Diese uralten Geschichten, mit ihren vielschichtigen Gedanken, hinterlassen bei mir eine Art Rückstau, den ich nur langsam abarbeiten kann. Die Flucht anzutreten und die Äcker aus der damaligen Zeit noch mal umzupflügen, das macht keinen Sinn. Egal ob der saure Boden unter meinen Füßen das hergibt oder nicht, die Geschichten sind fertig geformt und letztendlich unbrauchbar.

Es wird geschehen, egal welche Nuancen meine Gedanken formen. Sie erhalten nicht die Möglichkeit, sich zu verändern. Ich muss wollen, dass die Schönheit der Begierde den hohen Rang einnimmt. Der Anteil am Ganzen rügt in mir das Ungleichgewicht zwischen Gut und Böse, weil eigentlich immer das Böse die Hand führt. Ich sollte das ändern, dringend. Denn die Zeit ist vergänglich und ruft nicht nach Vergeltung oder nach Vergebung. Die Zeit ist hier auf meiner Hand und ich darf sie existieren lassen. Sie hat mich zum Einklang verführt, als ich die Opferrolle hinter mir ließ. Dem Krieg, der das Schlaraffenland in ein Feld des Grauens verwandelte, werde ich keinen Glauben schenken. Niemals werde ich mir das anschauen und darauf reinfallen. Diese zurückliegende Zeit gab dem König kein Geschenk, sondern nur die Bitterstoffe von Galle und Feuerstein. Diese Musik wird bald wieder erklingen. Ich fühle es. Daher ist es notwendig, diese Begierde auszuradieren und ein neues Lied zu komponieren. Und ich weiß, dass das neue Lied die Wolken am Himmel forttreibt. Erst dann werde ich den Azur am weiten Horizont sehen. Erst dann sehe ich, dass die alten Schriften auf der Geburtsurkunde bleiben. Ich bin da, und das ist Beweis genug, um der Begierde zu trotzen.

Ich bin immer gern über den Wuhlesteg gelaufen. Am liebsten, wenn der Himmel sich leicht bewölkt gezeigt hat. Ich schaute mich um und begann es zu genießen, natürlich in der Hoffnung, dass ein kleiner Sonnenstrahl mein Gesicht erwärmte. Dann würde sich alles verlangsamen – das Denken, das Träumen und auch die Einsamkeit.

Das Geschehene spiegelte sich im Wasser. Ich gab mir Mühe, meine Wut und die Angst aus einem anderen Blickwinkel heraus zu betrachten. Aber das gelang mir nicht. Also hielt ich inne und wartete ab. Ich sah die neuen Hochhäuser im Norden und fühlte Dankbarkeit in mir aufsteigen, ganz spontan.
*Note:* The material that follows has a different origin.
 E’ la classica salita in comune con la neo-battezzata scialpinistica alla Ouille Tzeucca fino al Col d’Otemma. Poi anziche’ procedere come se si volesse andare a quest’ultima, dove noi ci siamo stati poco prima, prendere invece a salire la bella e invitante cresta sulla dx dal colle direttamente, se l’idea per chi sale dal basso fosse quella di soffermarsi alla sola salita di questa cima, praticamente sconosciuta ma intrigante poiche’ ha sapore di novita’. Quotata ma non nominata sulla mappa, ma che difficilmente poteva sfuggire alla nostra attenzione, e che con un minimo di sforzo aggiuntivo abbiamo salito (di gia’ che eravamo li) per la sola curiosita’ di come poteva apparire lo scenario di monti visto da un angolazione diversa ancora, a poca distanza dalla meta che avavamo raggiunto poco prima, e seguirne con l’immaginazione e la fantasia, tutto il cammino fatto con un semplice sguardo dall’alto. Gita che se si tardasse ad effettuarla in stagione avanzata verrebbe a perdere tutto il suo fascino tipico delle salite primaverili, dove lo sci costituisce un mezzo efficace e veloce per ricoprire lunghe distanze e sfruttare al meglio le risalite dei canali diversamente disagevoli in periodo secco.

Es war gut zu wissen, dass die Zeit, die mein Verständnis für den Sinn des Lebens bekundet, nachreift. Die Zeit schenkt mir Raum, und ich glaube zu ahnen, dass ein Teil von mir letztendlich alles richtig macht. Ist das die Wahrheit, von der viele Denker sprechen, oder darf die Wahrheit sich gegen meinen Willen bei mir einbrennen?
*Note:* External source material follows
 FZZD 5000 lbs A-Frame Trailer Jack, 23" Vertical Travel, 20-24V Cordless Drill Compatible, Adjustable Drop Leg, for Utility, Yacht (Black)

Bereits als Kind war mir klar, dass mein Vater mein Leben komplett vereinnahmt, zwar nicht so wie heute im Rückblick, aber im rhythmischen Tagesablauf von damals gesehen schon. Die ständigen Wutanfälle waren täglich fest einprogrammiert. Zu jeder Zeit konnte er das Cholerische abrufen. Als Kind war mir das wie gesagt nicht so bewusst, aber meine Not machte mich in vielerlei Hinsicht erfinderisch. Ich wollte ja überleben und der Gewalt entkommen.

Die schrecklichen Erfahrungen, die im Kindesalter mit voller Härte über mich hereinbrachen, haben tiefe Spuren hinterlassen. Vater war ein Choleriker. Eines Tages rastete er in der Küche aus, nur weil ich meine Hausaufgaben nicht in die Schule mitgenommen hatte. Er hat mir fast das Genick gebrochen, so stark packte er mich am Hals. Den Schmerz und die Gefühle eines Kindes hat er völlig missachtet.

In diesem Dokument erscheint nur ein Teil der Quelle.